### Dataset extract

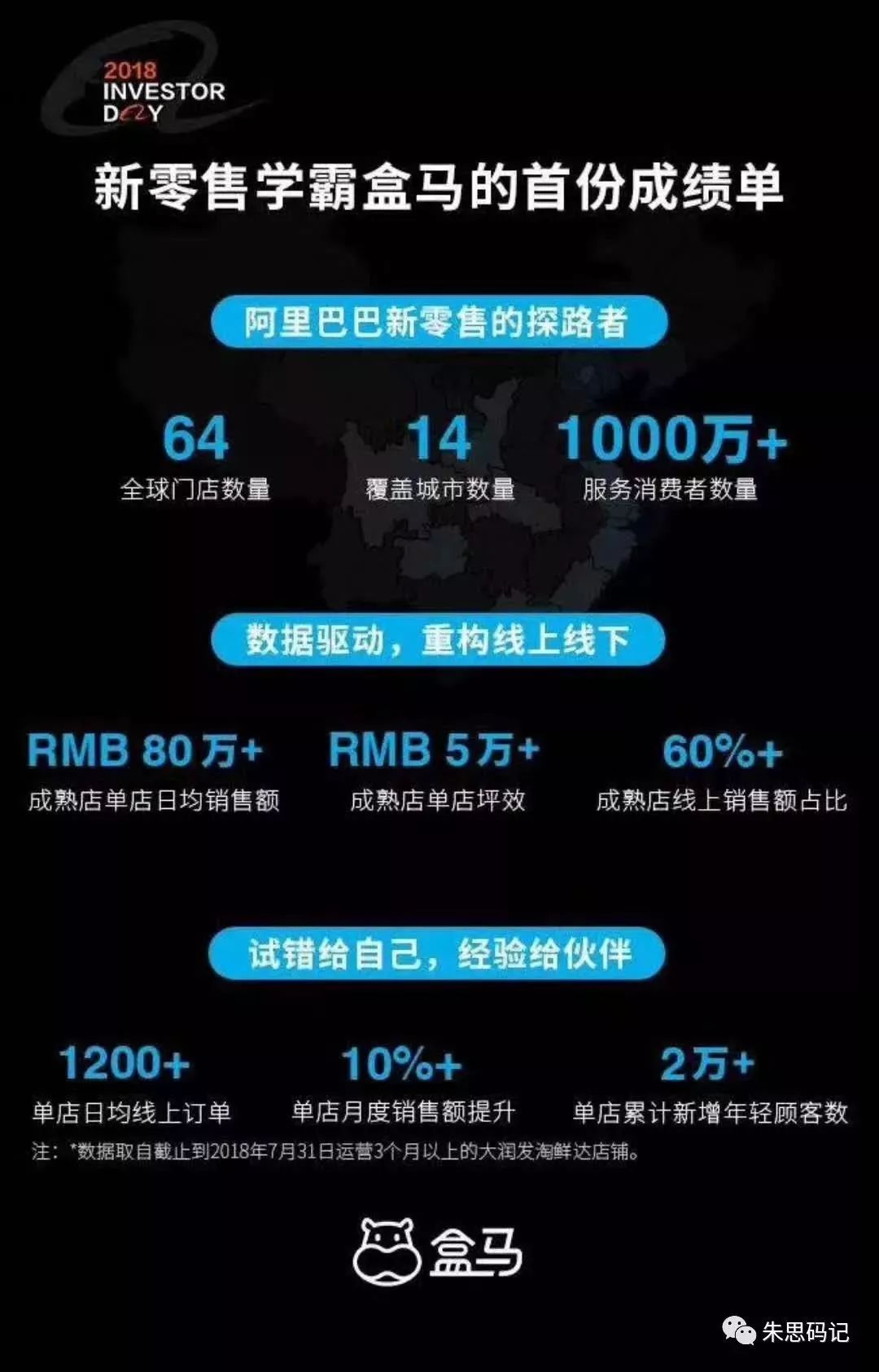 2018年9月17日,盒马鲜生CEO侯毅于阿里投资者日上首次披露了盒马鲜生过去32个月来从未公开过的一组数据:经营时间1.5年以上的成熟店坪效5万元,单店日销超过80万元,线上客单价75元,线下客单价113元。而据接近盒马高层的一位人士向朱思码记透露了一条未公开的捷报,称于2016年1月15和9月30日,分别在上海市中环内开设的两家门店:金桥国际商业中心店和大宁音乐广场店已于今年中后旬成功完成了前期投入成本的回收,正式进入漫长的利润收割期。
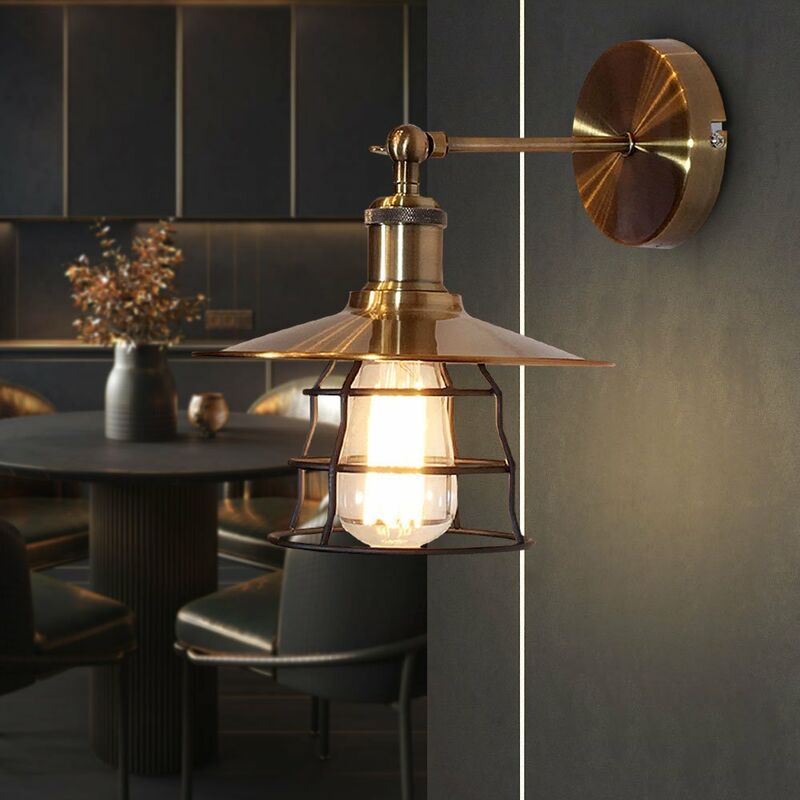 Dettagli lampada • tipo di lampada: lampada da parete • materiale: ottone antico • paralume: nero • forma: rotondo con griglia, 1 braccio • Dimensioni altezza x larghezza x sporgenza in cm: 28x22x28 • Attacco: 1x E27 • sorgente luminosa inclusa: no • adatto sorgente luminosa: 1x max 60W • Alimentazione: 230V
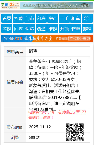 荟萃茶庄-(凤凰公园店)招聘;待遇:三险+年终奖励(3500+)新人可带薪学习;要求:女.年龄20-35周岁;形象气质佳、活泼开朗善于沟通;有相关工作经验优先.联系电话15031927887..... 【电话咨询时,请一定说明在宁晋123看到的,谢谢!】 |
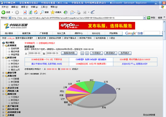 據(jù)中國(guó)站長(zhǎng)統(tǒng)計(jì)#對(duì)中華陶瓷網(wǎng)統(tǒng)計(jì)顯示,中華陶瓷網(wǎng)8月總訪問(wèn)量達(dá)6130502人次,中華陶瓷網(wǎng)在開(kāi)通一周年及奧運(yùn)之際月創(chuàng)下了令人可喜的成績(jī),除個(gè)別周未,日訪問(wèn)量均在20萬(wàn)以上,也創(chuàng)下中華陶瓷網(wǎng)至開(kāi)通以來(lái)單月最高訪問(wèn)。另,中華陶瓷網(wǎng)8月開(kāi)通了"2008陶瓷與奧運(yùn)"專題,也吸引了幾十萬(wàn)訪客點(diǎn)擊,也創(chuàng)下單個(gè)專題點(diǎn)擊最高。
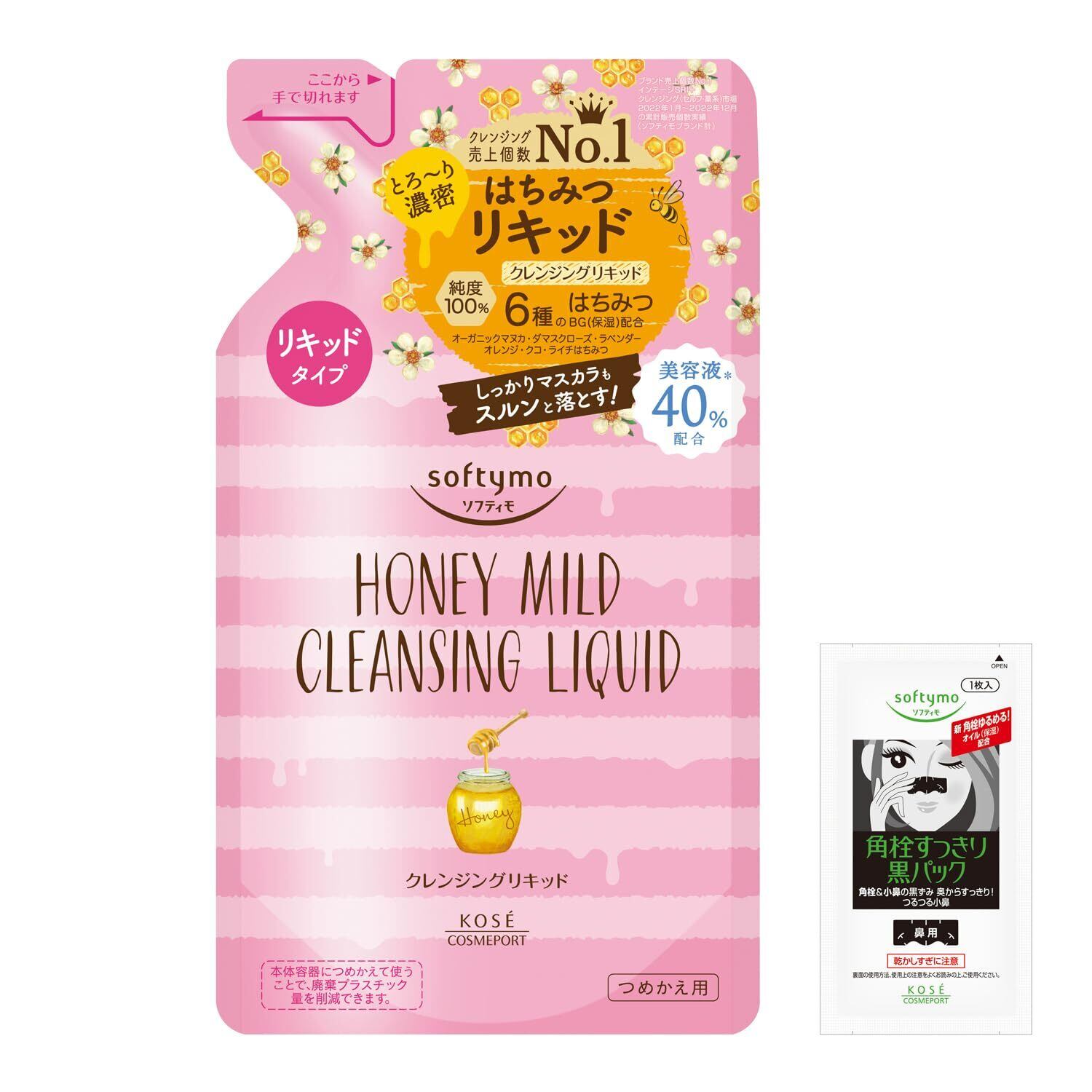 ソフティモ KOSE クレンジングリキッド (ハニーマイルド) つめかえ 200mL 鼻用角栓パック おまけ付 うるおい
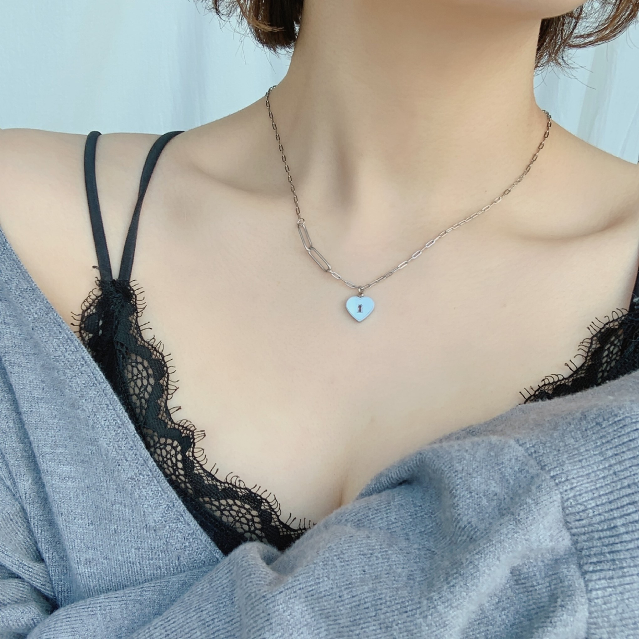 𝘋𝘳𝘦𝘴𝘴 𝘳𝘰𝘰𝘮 - jewelry 🐽 자개 하트 목걸이1
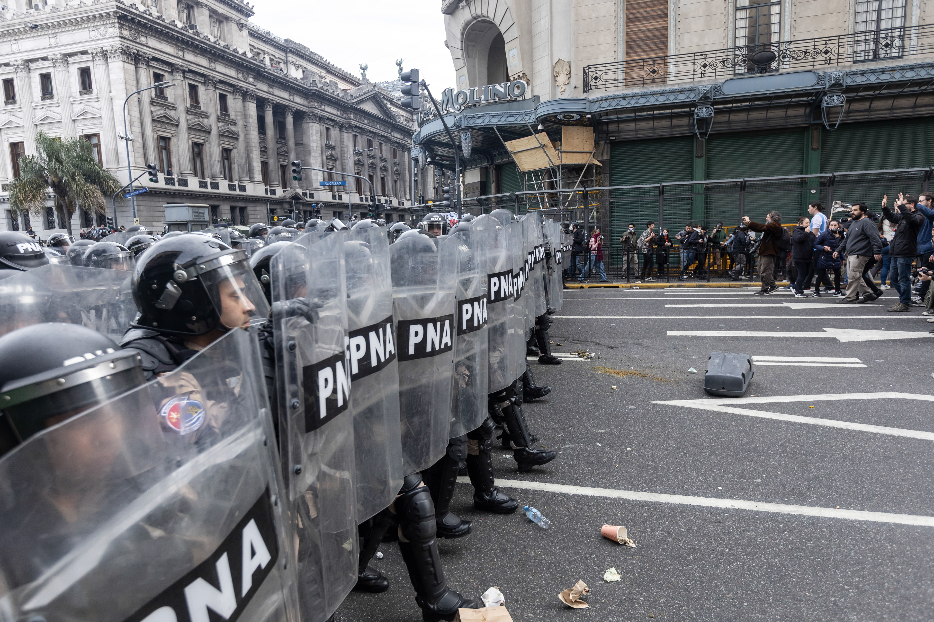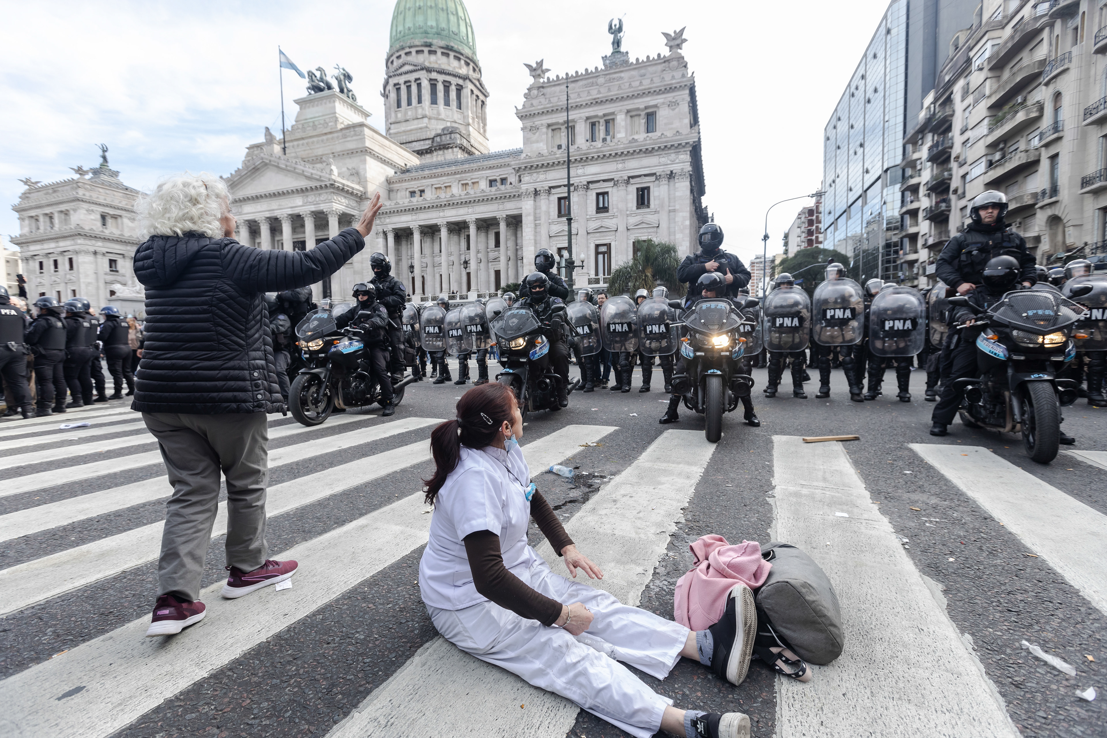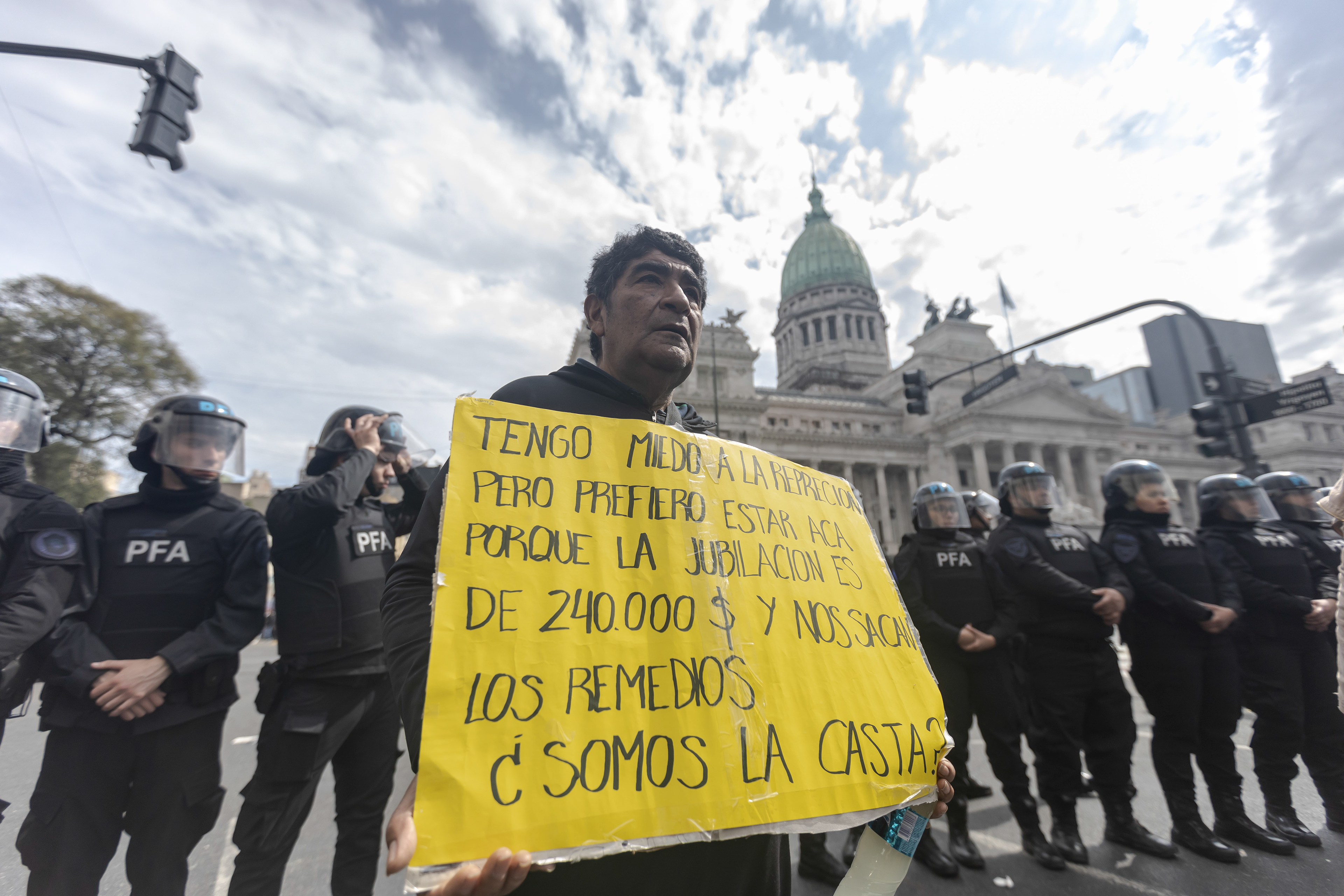 Protestas de jubilados frente al Congreso de la Nación.

######

[Directions for this task]
From the first line above to the line containing "ソフティモ KOSE クレンジングリキッド", repeat each line exactly. Pictures stay out.

[Solved exercise]
 2018年9月17日,盒马鲜生CEO侯毅于阿里投资者日上首次披露了盒马鲜生过去32个月来从未公开过的一组数据:经营时间1.5年以上的成熟店坪效5万元,单店日销超过80万元,线上客单价75元,线下客单价113元。而据接近盒马高层的一位人士向朱思码记透露了一条未公开的捷报,称于2016年1月15和9月30日,分别在上海市中环内开设的两家门店:金桥国际商业中心店和大宁音乐广场店已于今年中后旬成功完成了前期投入成本的回收,正式进入漫长的利润收割期。
 Dettagli lampada • tipo di lampada: lampada da parete • materiale: ottone antico • paralume: nero • forma: rotondo con griglia, 1 braccio • Dimensioni altezza x larghezza x sporgenza in cm: 28x22x28 • Attacco: 1x E27 • sorgente luminosa inclusa: no • adatto sorgente luminosa: 1x max 60W • Alimentazione: 230V
 荟萃茶庄-(凤凰公园店)招聘;待遇:三险+年终奖励(3500+)新人可带薪学习;要求:女.年龄20-35周岁;形象气质佳、活泼开朗善于沟通;有相关工作经验优先.联系电话15031927887..... 【电话咨询时,请一定说明在宁晋123看到的,谢谢!】 |
 據(jù)中國(guó)站長(zhǎng)統(tǒng)計(jì)#對(duì)中華陶瓷網(wǎng)統(tǒng)計(jì)顯示,中華陶瓷網(wǎng)8月總訪問(wèn)量達(dá)6130502人次,中華陶瓷網(wǎng)在開(kāi)通一周年及奧運(yùn)之際月創(chuàng)下了令人可喜的成績(jī),除個(gè)別周未,日訪問(wèn)量均在20萬(wàn)以上,也創(chuàng)下中華陶瓷網(wǎng)至開(kāi)通以來(lái)單月最高訪問(wèn)。另,中華陶瓷網(wǎng)8月開(kāi)通了"2008陶瓷與奧運(yùn)"專題,也吸引了幾十萬(wàn)訪客點(diǎn)擊,也創(chuàng)下單個(gè)專題點(diǎn)擊最高。
 ソフティモ KOSE クレンジングリキッド (ハニーマイルド) つめかえ 200mL 鼻用角栓パック おまけ付 うるおい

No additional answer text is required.